From the first line of the entries below through the line bearing "Logo zostało dostosowane", write out each line exactly. Omit pictures.
─── RECORDS ───
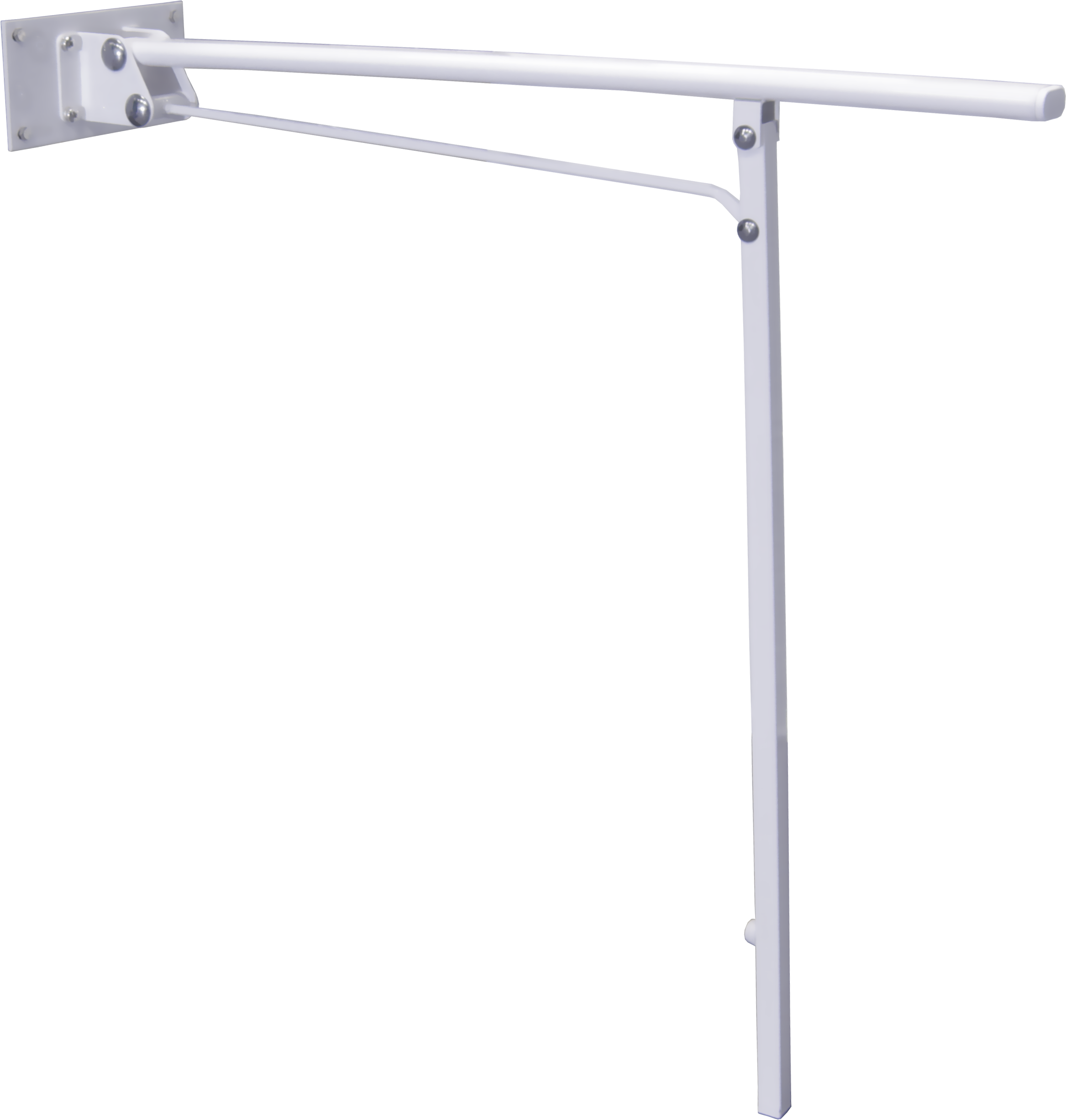 Toalettarmstödet är uppfällbart mot vägg. Kan förses med toalettpappershållare. Tillverkad i stål och ytbehandlat med pulverlack.
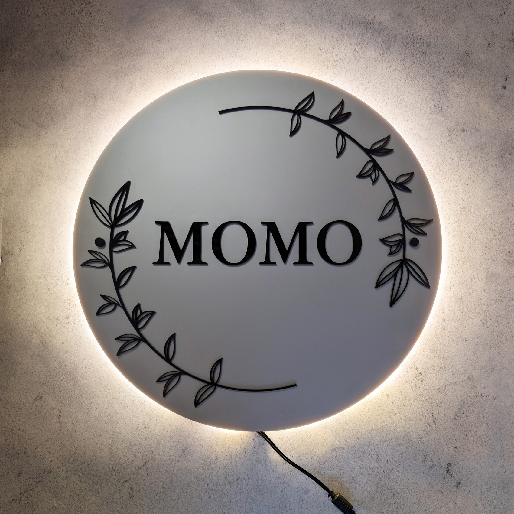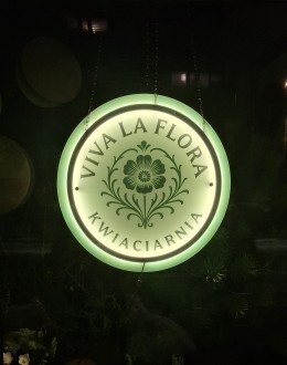 Logo zostało dostosowane do indywidualnych potrzeb klienta. Do logo dodano tył z pleksi, aby umożliwić jego powieszenie w oknie.
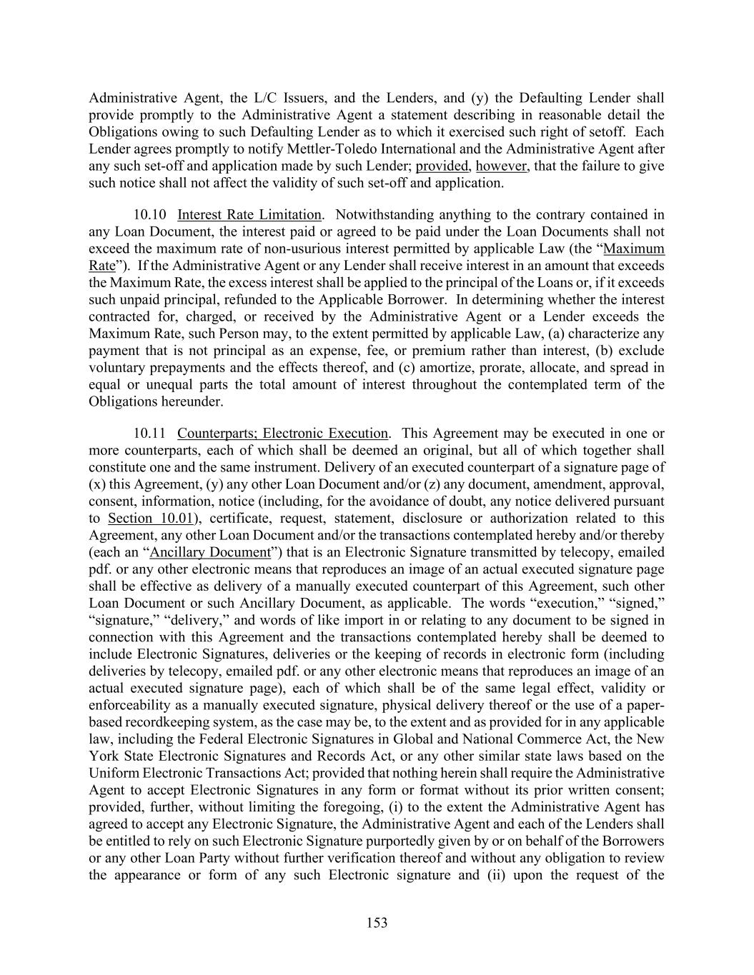 153 Administrative Agent, the L/C Issuers, and the Lenders, and (y) the Defaulting Lender shall provide promptly to the Administrative Agent a statement describing in reasonable detail the Obligations owing to such Defaulting Lender as to which it exercised such right of setoff. Each Lender agrees promptly to notify Mettler-Toledo International and the Administrative Agent after any such set-off and application made by such Lender; provided, however, that the failure to give such notice shall not affect the validity of such set-off and application. 10.10 Interest Rate Limitation. Notwithstanding anything to the contrary contained in any Loan Document, the interest paid or agreed to be paid under the Loan Documents shall not exceed the maximum rate of non-usurious interest permitted by applicable Law (the “Maximum Rate”). If the Administrative Agent or any Lender shall receive interest in an amount that exceeds the Maximum Rate, the excess interest shall be applied to the principal of the Loans or, if it exceeds such unpaid principal, refunded to the Applicable Borrower. In determining whether the interest contracted for, charged, or received by the Administrative Agent or a Lender exceeds the Maximum Rate, such Person may, to the extent permitted by applicable Law, (a) characterize any payment that is not principal as an expense, fee, or premium rather than interest, (b) exclude voluntary prepayments and the effects thereof, and (c) amortize, prorate, allocate, and spread in equal or unequal parts the total amount of interest throughout the contemplated term of the Obligations hereunder. 10.11 Counterparts; Electronic Execution. This Agreement may be executed in one or more counterparts, each of which shall be deemed an original, but all of which together shall constitute one and the same instrument. Delivery of an executed counterpart of a signature page of (x) this Agreement, (y) any other Loan Document and/or (z) any document, amendment, approval, consent, information, notice (including, for the avoidance of doubt, any notice delivered pursuant to Section 10.01), certificate, request, statement, disclosure or authorization related to this Agreement, any other Loan Document and/or the transactions contemplated hereby and/or thereby (each an “Ancillary Document”) that is an Electronic Signature transmitted by telecopy, emailed pdf. or any other electronic means that reproduces an image of an actual executed signature page shall be effective as delivery of a manually executed counterpart of this Agreement, such other Loan Document or such Ancillary Document, as applicable. The words “execution,” “signed,” “signature,” “delivery,” and words of like import in or relating to any document to be signed in connection with this Agreement and the transactions contemplated hereby shall be deemed to include Electronic Signatures, deliveries or the keeping of records in electronic form (including deliveries by telecopy, emailed pdf. or any other electronic means that reproduces an image of an actual executed signature page), each of which shall be of the same legal effect, validity or enforceability as a manually executed signature, physical delivery thereof or the use of a paper- based recordkeeping system, as the case may be, to the extent and as provided for in any applicable law, including the Federal Electronic Signatures in Global and National Commerce Act, the New York State Electronic Signatures and Records Act, or any other similar state laws based on the Uniform Electronic Transactions Act; provided that nothing herein shall require the Administrative Agent to accept Electronic Signatures in any form or format without its prior written consent; provided, further, without limiting the foregoing, (i) to the extent the Administrative Agent has agreed to accept any Electronic Signature, the Administrative Agent and each of the Lenders shall be entitled to rely on such Electronic Signature purportedly given by or on behalf of the Borrowers or any other Loan Party without further verification thereof and without any obligation to review the appearance or form of any such Electronic signature and (ii) upon the request of the
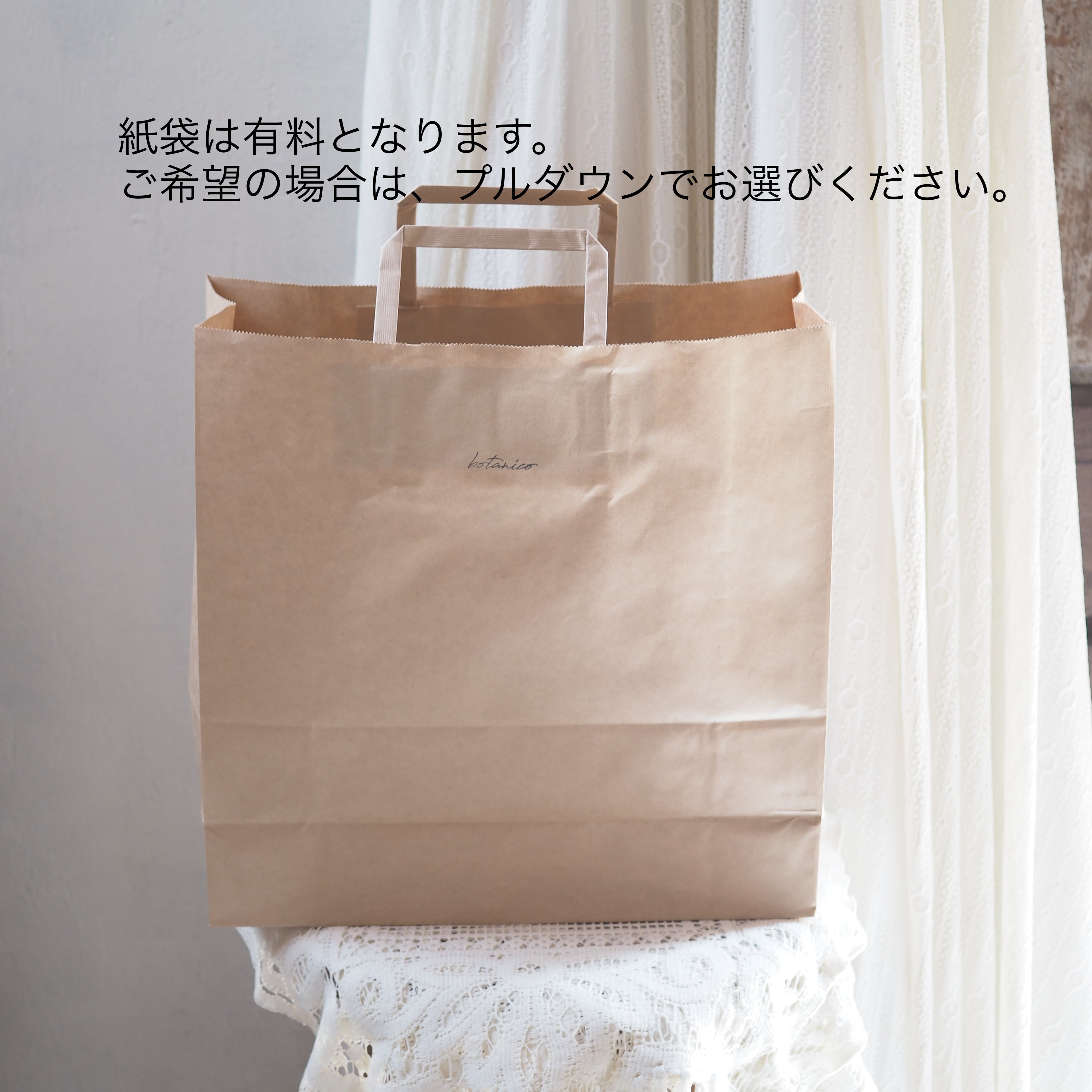 紙袋は有料となっております。ご希望の方は、オプション欄のプルダウンよりお選びください。
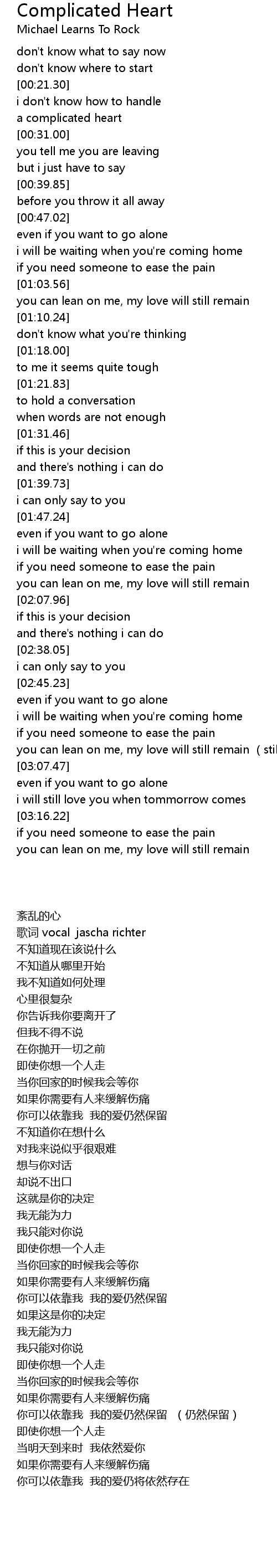 | [02:59.51] | you can lean on me, my love will still remain still remain |
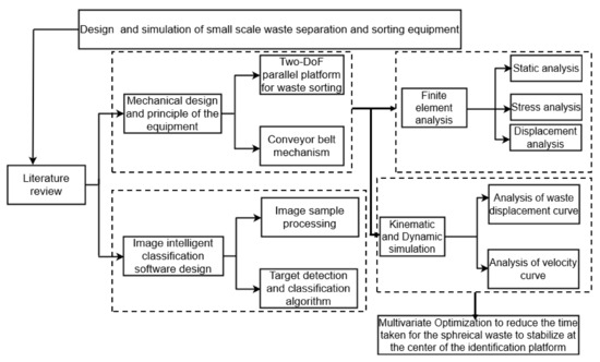 In this paper, an automatic separation and sorting equipment for small-scale waste management was designed to circumvent the limitations of conventional systems. The mechanisms effectively alleviate the complexity of mixed disposal in the small-scale waste classification system and have high potential for field application. In addition, the sorting speed was improved from the perspective of mechanical design, resulting in a faster speed compared with that of similar structures. The mechanisms were fully linked with image acquisition and computer vision processing and are highly effective in waste classification. Therefore, the present study presents a mechanical equipment with higher reliability and better efficiency for small-scale waste separation and sorting systems. This system provides a basis for development of intelligent waste classification techniques. The experimental design of the present study is presented in Figure 1.
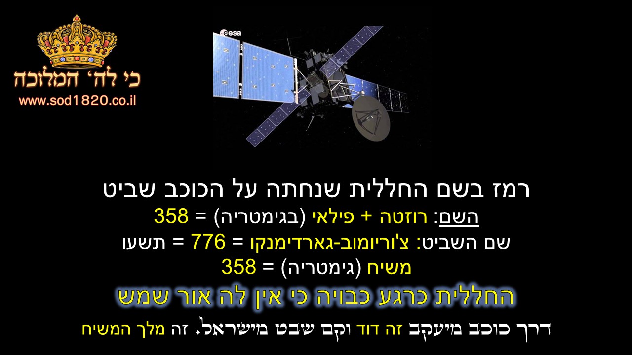 - יש לנו כאן רמז בשם החללית רוזטה 227 = "ברכה" פילאי – אותיות "פלא" = 358 משיח שהוא פלאי –
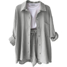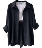 ️ Elegant Design: Featuring a sophisticated turn-down collar on the top and stylish shorts, this outfit perfectly balances elegance and youthful charm.
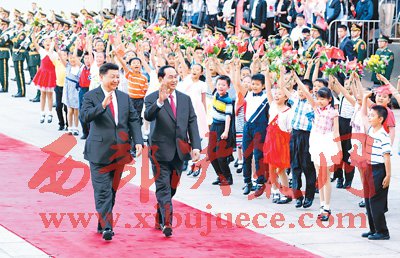 國家主席習近平11日在人民大會堂同越南國家主席陳大光舉行會談。兩國元首一致同意保持雙邊關系積極發(fā)展勢頭,推進各領域合作,推動中越全面戰(zhàn)略合作伙伴關系邁上新臺階,為兩國和兩國人民帶來更多實實在在利益。
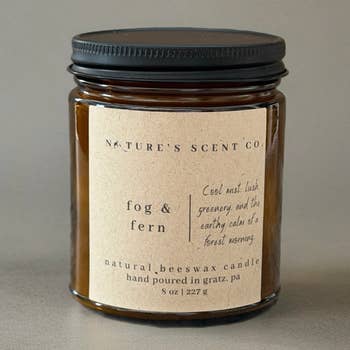 Fougère et Brume Voyage à travers une forêt brumeuse. Ce parfum rafraîchissant reproduit l'atmosphère méditative des bois couverts de nuages purifiés par la pluie. Ce parfum s'ouvre sur une bouffée fraîche de bergamote éclatante, menant à un cœur aromatique apaisant de lavande et de menthe. À la base reposent de la mousse verte, une terre riche en minéraux et une touche de genévrier. Bougie en cire de soja 100% naturelle. Également disponible en spray. Mèche en coton, sans phtalates. Pot de 16 oz - 80 heures de combustion, pot de 8 oz - 50 heures de combustion, boîte de 4 oz - 25 heures de combustion.
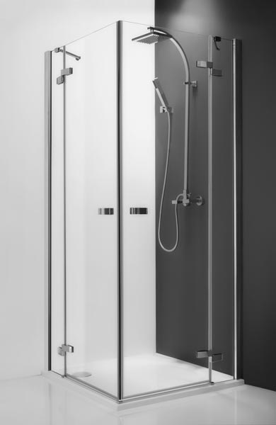 Sprchový kout čtvercový s dvoukřídlými dveřmi.
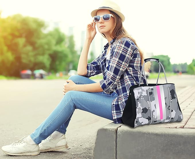 - FASHIONABLE AND ELEGANT: Using the high-quality neoprene and polyester material, unique classic design style, these beach bags look particularly stylish and elegant. The same bag can be changed three styles, you have three options only pay a bag. Please look at the picture and make your choice.
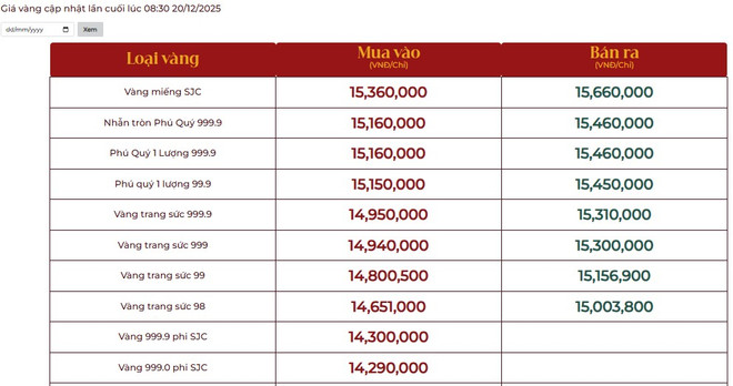 Cập nhật bảng giá vàng hôm nay (20/12) tại Công ty Trách nhiệm hữu hạn Một thành viên Vàng bạc Đá quý Sài Gòn (SJC), Công ty Cổ phần Đầu tư vàng Phú Quý, Tập đoàn Vàng bạc Đá quý Doji.
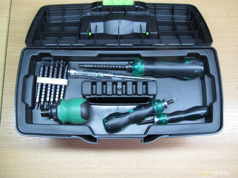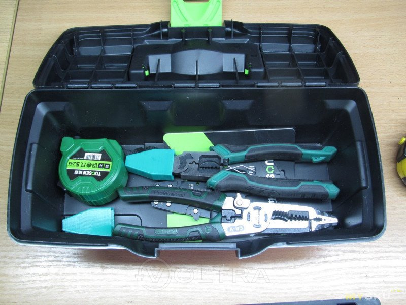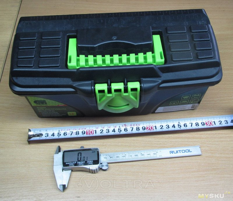 Первое впечатление когда видишь его в реале — «ути бозеньки!». Он маленький. Вот прям меньше чем ожидаешь даже зная его размеры и прикинув оные размеры рулеткой. Фото не передают и половины впечатления. При этом не забываем о форме — заявленным размерам он соответствует, но это его максимальные размеры, то есть вот этот буртик на стыке с крышкой. а вот по донышку уже имеем 285х110мм. Тем не менее, именно всякий мелкий инструмент, типа отверток, плоскогубцев и т.п — великолепно в него помещается Петли и замки выглядят вполне надёжно. Стенки по толщине не измерял, но тонковат, как говорится, «звезд с неба не хватает» в плане жесткости. Вес пустого чемодана без вставки — всего 350г. Но и не забываем во-первых о цене, а во вторых о размерах — сюда один черт ничего большого и тяжелого не сложишь. Да и заявлено 10 кило нагрузка (ну и наступить ребенку можно — до 50кг допустимо). Да я, собственно, и не ждал от него ничего такого, и изначально позиционировал его как компактный пристойно выглядящий недорогой ящик для хранения в квартире мелкого инструмента. Эту задачу он выполняет на 100%. А вот если вам таскать его на стройку, ронять с третьего этажа, топтаться ботинками — придётся поискать что-то другое, подороже-получше
───
**EXPECTED OUTPUT:**
 Toalettarmstödet är uppfällbart mot vägg. Kan förses med toalettpappershållare. Tillverkad i stål och ytbehandlat med pulverlack.
 Logo zostało dostosowane do indywidualnych potrzeb klienta. Do logo dodano tył z pleksi, aby umożliwić jego powieszenie w oknie.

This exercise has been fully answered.